Yes, I used to have a motherboard with only PCIe 16x and 4x slots. Once I changed it to the X870 Taichi, the upgrade was massive.

[-]

FishChillylly@reddit

i used to have a dual gpu setup and ended up with just have the beefy one stayed. it was a setup of a 4090 48G unofficial customized edition with custom loop water cooling system, and a lil A2000 12G that i only load it with some lil llms around 7B Q4 which i eventually gave up using.

[-]

brickout@reddit

Consumer gpus are completely fine and easy to cool since they almost always have good built in cooling. You can always add additional fans.

More important is power, pcie lanes, and of course a mobo with two x8-x16 slots and physical space. You can get around space with pcie risers, if necessary.

Pcie is shared between ssd and gpus. You should fine, but might have to run 1 card at x8. But you'll still get like 90% of the performance. Vram total is more important, of course.
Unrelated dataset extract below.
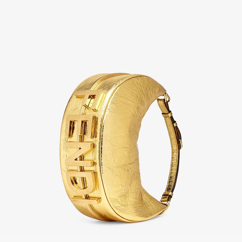 FENDI Laminated Craquele Lambskin Small Fendigraphy Hobo in Gold. This stylish mini bag is crafted in textured gold leather with the Fendi logo in vintage gold at the base. The gold clips allows it to be attached to larger bags or worn on the wrist. The top zipper opens to a striped monogram fabric interior.
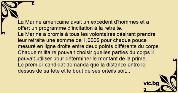 La Marine a promis à tous les volontaires désirant prendre leur retraite une somme de 1,000$ pour chaque pouce mesuré en ligne droite entre deux points différents du corps.

Amd cpus are great. Amd gpu support is quickly getting better, but everything is built for nvidia of course.

I have multiple builds I'm playing with. I'm stuck on AM4 but it's been fine. 5900xt/64GB DDR4/titan rtx 24gb. 5600x3d/64/amd pro v620 32GB. Threadripper 3970/128GB/2x 3090, hoping to add 2 more 3090 soon.

I also have a setup with Intel arc b580.

I'm basically trying to learn how to deploy on any basic hardware platforms, including laptops and android.

[-]

AurumDaemonHD@reddit

Gpus get their dedicated lanes.

Nvme can be chipset or cpu, depends.

They share pcie as platform but have their own lanes usually. Depends on the board best check.
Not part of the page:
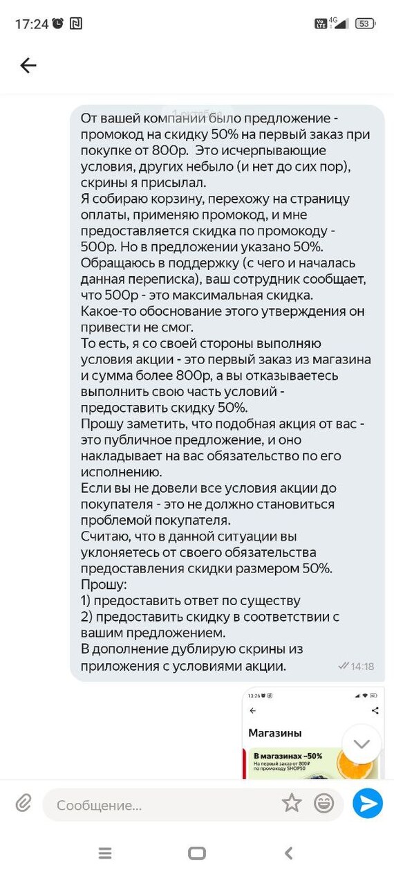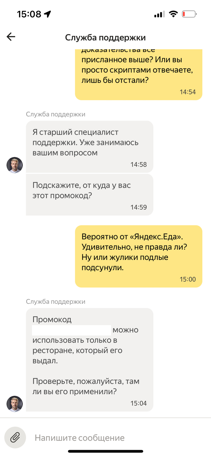 Очень надеюсь @Yandex.eda, что ваш голодный сотрудник купил нормальный хавчик на спизженный промокод.

U should get 100% even on pcie 4 8x in inference. Problem is p2p drivers if u r going this route thiugh for nvidia.

1 pcie space between cards is ok for me.

Amd cpus are great unless they fry on asrock.

[-]

Signal_Ad657@reddit

Very interested to see what pops up in this chat. I haven’t seen a lot of multi GPU AMD builds here.